Shenzhen Mindray Bio-Medical Electronics Co., Ltd. (300760.SZ): How It Makes Money
Shenzhen Mindray Bio-Medical Electronics Co., Ltd. (300760.SZ) generates revenue primarily by designing, manufacturing and selling a broad portfolio of medical devices and clinical solutions to hospitals, clinics and distributors worldwide. Key revenue streams include product sales, after-sales services, consumables and software/informatics solutions.- Core product lines driving sales: patient monitors, ventilators, coagulation analyzers, ultrasound imaging systems, in-vitro diagnostic analyzers and consumables.
- Service and recurring revenue: maintenance contracts, reagent and consumable sales, software licenses and upgrades, and remote/onsite technical support.

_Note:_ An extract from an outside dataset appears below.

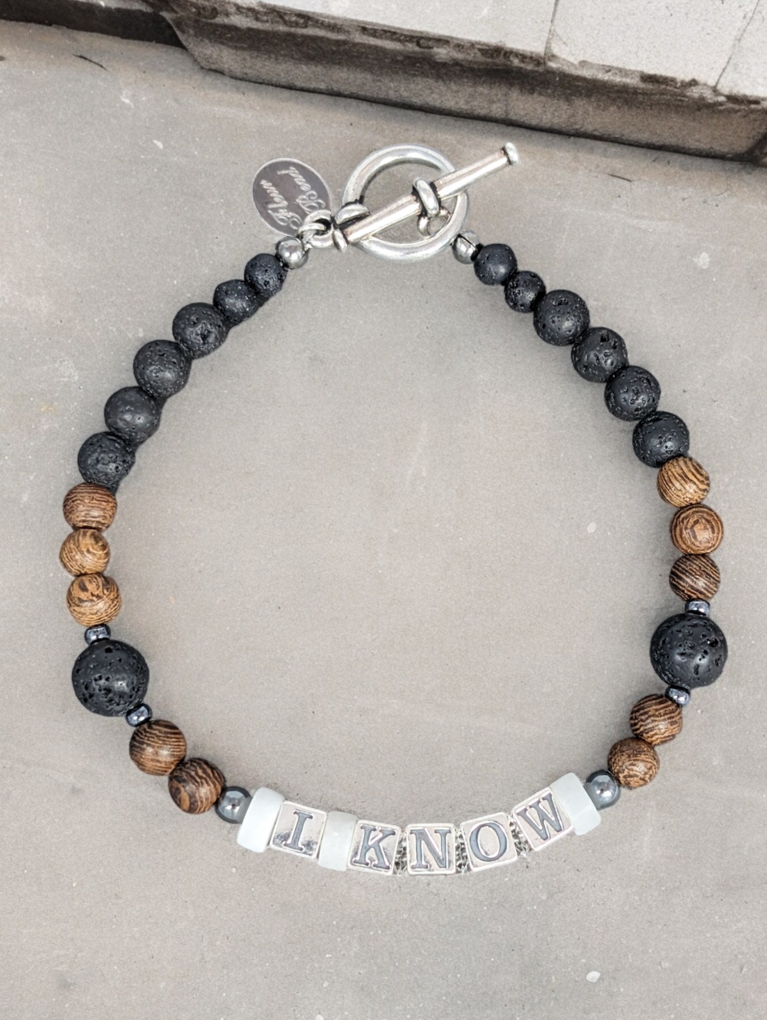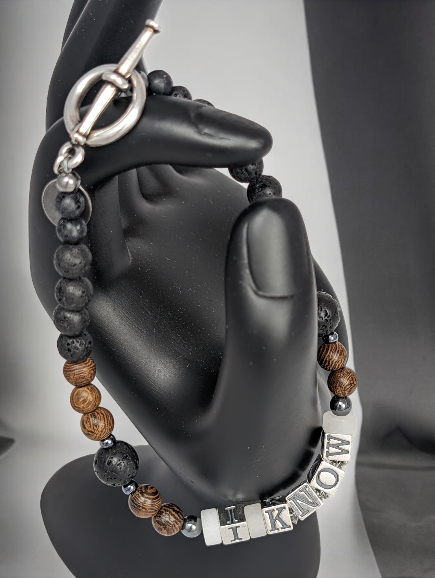 Han (I Know): Features sterling silver and pewter oxidized toggle, natural lava stone, hematite, and wood beads. White quartz spacers tie into the Leia design.

- Channel mix: direct sales to large hospitals and tenders, distributor networks for smaller facilities and international partners for regional reach.
| Metric | Value |
|---|---|
| Market capitalization (as of 2025-10-14) | $39.84 billion |
| Global availability | Over 190 countries and regions |
| Medical institutions served in China | Nearly 110,000 |
| Penetration in Class A tertiary hospitals (China) | 99% |
| Subsidiaries & branch offices | 41 subsidiaries across 31 countries; 32 branch offices in China |
| R&D network | 9 centers (Shenzhen, Wuhan, Nanjing, Beijing, Xi'an, Chengdu, Silicon Valley, New Jersey, Seattle) |
- R&D-driven product pipeline: Nine global R&D centers enable faster development cycles, localization for regional markets and integration of digital/AI features that command premium pricing.
- Scale economics: High installed base (domestic and international) supports recurring consumable sales and service margins, while manufacturing scale reduces unit costs.
- Geographic diversification: Presence in 190+ countries and 41 subsidiaries mitigates regional demand swings and supports cross-border sales of both hardware and software services.